Instructions to follow
Output the records below in full, word for word; pictures do not belong in it.

[Stored items]
┏━━
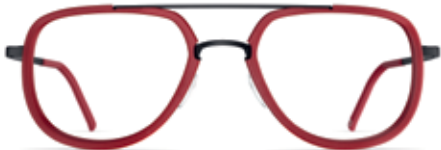
electric red / black ink matte / 3040

MODEL: T048 SIZE: 52 / 19 / 140 MATERIAL: stainless steel + 3D
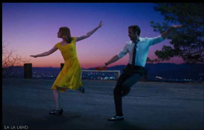
LA LA LAND
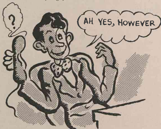
The "mile away" guy

but some do peculiar things with Mr. Bell's invention.
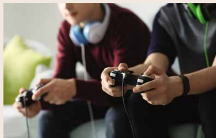
◆— DIGITAL GAME ARCADE —◆
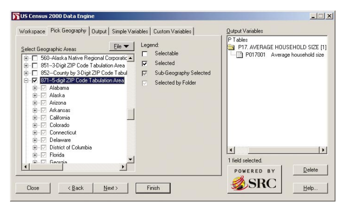
Figure 4. Powerful Software on SF 1 DVDs and CDs Lets You Control Retrieval and Output
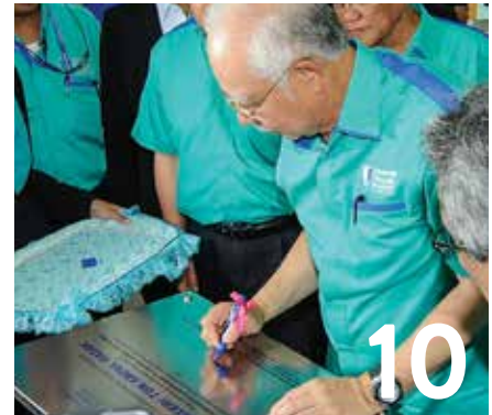
The official opening of UMP main campus and naming of Tun Abdul Razak Chancellery by PM
┗━━
Output of the task
electric red / black ink matte / 3040

MODEL: T048 SIZE: 52 / 19 / 140 MATERIAL: stainless steel + 3D
LA LA LAND
The "mile away" guy

but some do peculiar things with Mr. Bell's invention.
◆— DIGITAL GAME ARCADE —◆
Figure 4. Powerful Software on SF 1 DVDs and CDs Lets You Control Retrieval and Output
The official opening of UMP main campus and naming of Tun Abdul Razak Chancellery by PM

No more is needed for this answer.